The block of code at the exact commit is here.
Edit: One possibility is that assert
is being compiled out, though I didn't find any clear evidence of that perusing koji builds for NDEBUG
.
Be aware that assert()
is optimized out when compiled with optimizations of -O1
or higher. So that assertion is completely ignored at runtime.
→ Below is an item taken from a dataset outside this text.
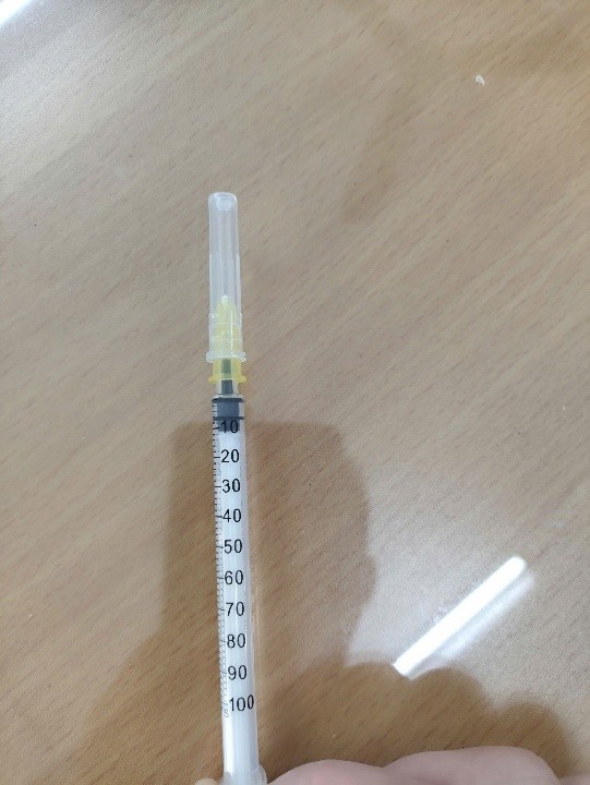 Bước 3: Xác định đúng vạch tiêm trên bơm tiêm insulin được cấp phát để lấy thuốc theo vạch chia đó.

A better option in the code here would be:
fp_primary = solv_xfopen(primary.c_str(), "r");
if (G_UNLIKELY (!fp_primary)) {
g_set_error(...);
retval = FALSE;
goto out;
}
Be aware that
assert()
is optimized out when compiled with optimizations of-O1
or higher.
Hmm I'm trying to find a source for this, but can't. At least assert(3)
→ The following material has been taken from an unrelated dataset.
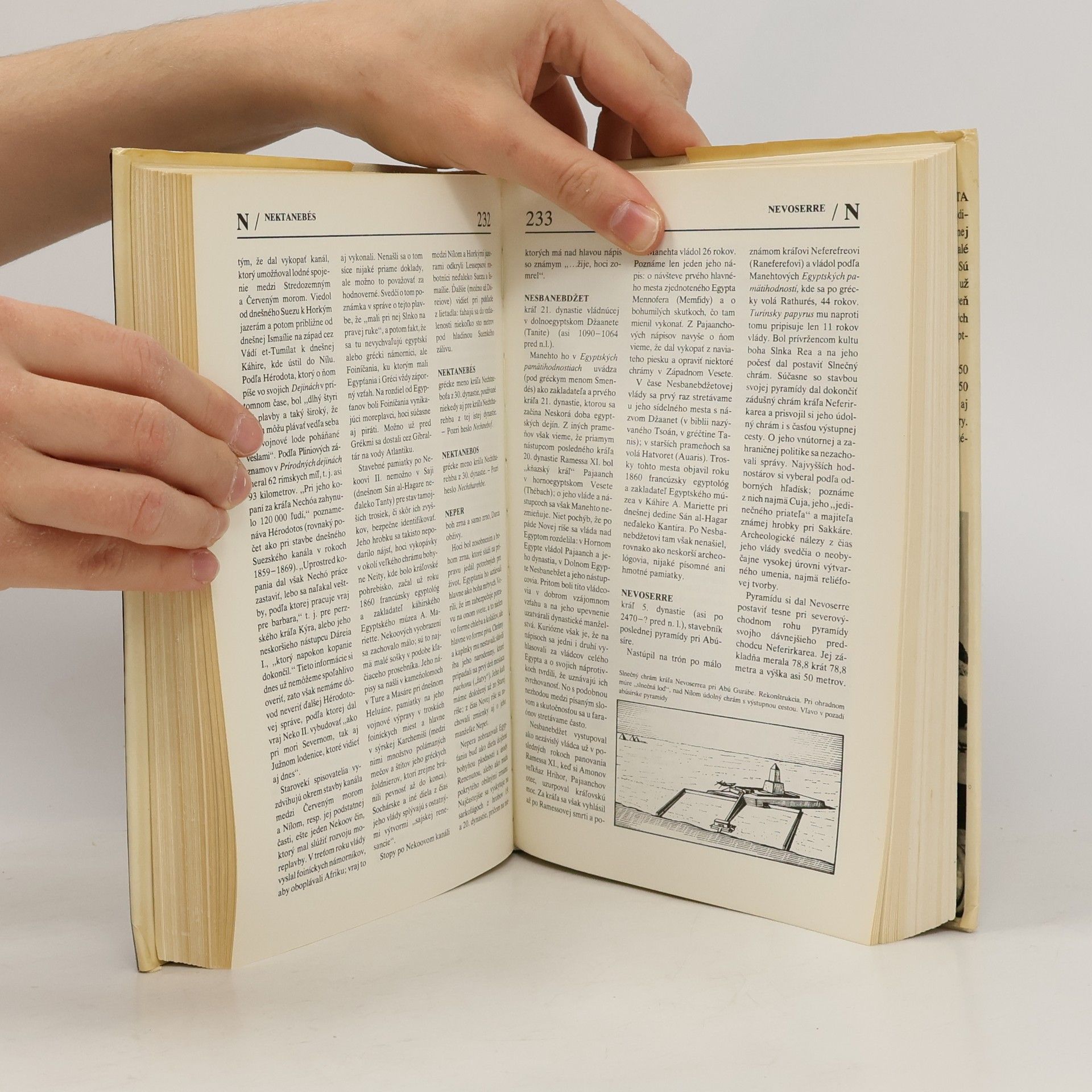 Encyklopédia, kde rýchlo a spoľahlivo nájdete "kto bol kto" v starom Egypte, kedy tam vládol ten či onen panovník, akú mal funkciu ten či onen boh, kedy bola objavená tá či oná pamiatka. Vydanie prvé. Cena knihy v čase vydania: 70.- Kčs.

says it's a no-op if NDEBUG
is defined, but also recommends against it.
OK yeah, according to https://stackoverflow.com/a/34314956/308136, cmake in release mode will set NDEBUG
. Hmm, this should be in the DWARF info too; will sanity-check.
Anyway, agreed regarding reworking the code!
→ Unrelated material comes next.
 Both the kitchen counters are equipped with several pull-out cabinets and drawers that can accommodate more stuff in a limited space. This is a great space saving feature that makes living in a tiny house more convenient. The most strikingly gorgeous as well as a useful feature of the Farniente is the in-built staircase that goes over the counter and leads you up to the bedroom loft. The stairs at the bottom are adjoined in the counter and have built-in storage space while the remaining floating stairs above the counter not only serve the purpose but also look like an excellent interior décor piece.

https://kojipkgs.fedoraproject.org//packages/libdnf/0.67.0/2.fc36/data/logs/x86_64/build.log shows that libdnf was indeed built with -DNDEBUG
And of course, because we bundle libdnf in rpm-ostree, and the libdnf compilation is hidden behind a cargo build
, that didn't show up when I searched the rpm-ostree build log.
Yep, that code is a shining example of how not to do error handling (there's a lot of mishandled return codes). We've set this straight in dnf 5, but probably at least this case deserves better handling in dnf 4.